Activity:
Reproduce the entries beneath exactly, without their images.

··········

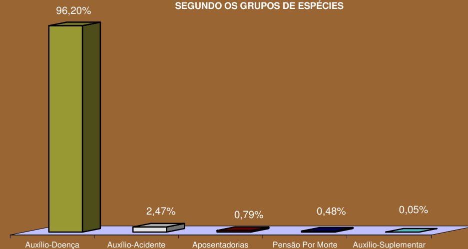
DISTRIBUIÇÃO DA QUANTIDADE DE BENEFÍCIOS ACIDENTÁRIOS CONCEDIDOS, SEGUNDO OS GRUPOS DE ESPÉCIES
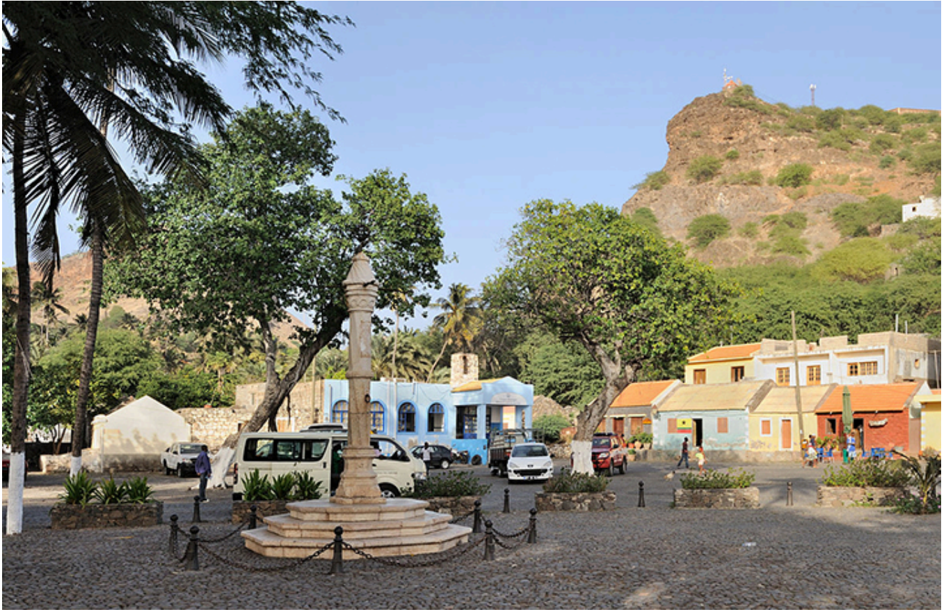
Cidade Velha. Plac z Pręgiem.
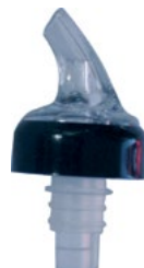
Название продукта : Носик для разлива из бутылок Product Name : Bottle Removal

Особенности /Description: 1) 2.5 cl 2) 3 cl 3) 4 cl 4) 5 cl
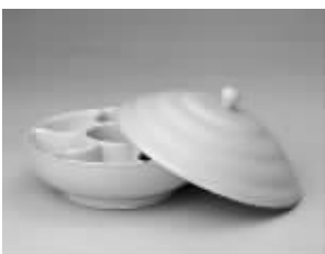
清乾隆·淡黄釉盖盒
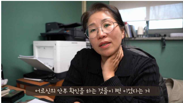
보이는 것 video
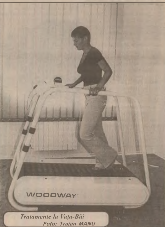
Tratamente la Vața-Băi

Umbrelele trebuie mănuite cu multă grijă pentru a nu lovi cu marginea lor persoanele din jur. Atenție, să nu lăsăm apa să curgă de pe "streașina" umbrelei pe hainele cuiva. Când intrăm într-o casă, umbrela este strânsă și așezată într-un ungher, cu consimțământul gazdei o putem deschide pentru a se usca. Dacă în timp ce plouă, întâlnim un prieten îi oferim protecția umbrelei chiar dacă niscăm să fim ușor udați.
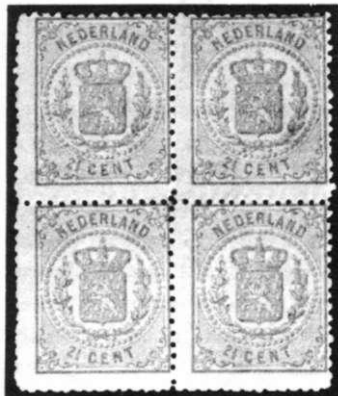
2 1/2 cent lila

Door de tariefswijziging van 1 januari 1870 werd het noodzakelijk, dat er enkele nieuwe waarden aan de bestaande serie werden toegevoegd. Op 19 november 1870 werd de zegel met een waarde van 2 1/2 cent in de kleur lila uitgegeven.
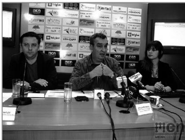
ПОДРШКА ЉУДИМА ДА БУДУ ОНО ШТО ЈЕСУ: конференција подршке невладиног сектора

"Циљ је да се покаже да је то проблем свих нас јер се не води рачуна о владавини права. На овај начин

··········

Solution:
DISTRIBUIÇÃO DA QUANTIDADE DE BENEFÍCIOS ACIDENTÁRIOS CONCEDIDOS, SEGUNDO OS GRUPOS DE ESPÉCIES
Cidade Velha. Plac z Pręgiem.
Название продукта : Носик для разлива из бутылок Product Name : Bottle Removal

Особенности /Description: 1) 2.5 cl 2) 3 cl 3) 4 cl 4) 5 cl
清乾隆·淡黄釉盖盒
보이는 것 video
Tratamente la Vața-Băi

Umbrelele trebuie mănuite cu multă grijă pentru a nu lovi cu marginea lor persoanele din jur. Atenție, să nu lăsăm apa să curgă de pe "streașina" umbrelei pe hainele cuiva. Când intrăm într-o casă, umbrela este strânsă și așezată într-un ungher, cu consimțământul gazdei o putem deschide pentru a se usca. Dacă în timp ce plouă, întâlnim un prieten îi oferim protecția umbrelei chiar dacă niscăm să fim ușor udați.
2 1/2 cent lila

Door de tariefswijziging van 1 januari 1870 werd het noodzakelijk, dat er enkele nieuwe waarden aan de bestaande serie werden toegevoegd. Op 19 november 1870 werd de zegel met een waarde van 2 1/2 cent in de kleur lila uitgegeven.
ПОДРШКА ЉУДИМА ДА БУДУ ОНО ШТО ЈЕСУ: конференција подршке невладиног сектора

"Циљ је да се покаже да је то проблем свих нас јер се не води рачуна о владавини права. На овај начин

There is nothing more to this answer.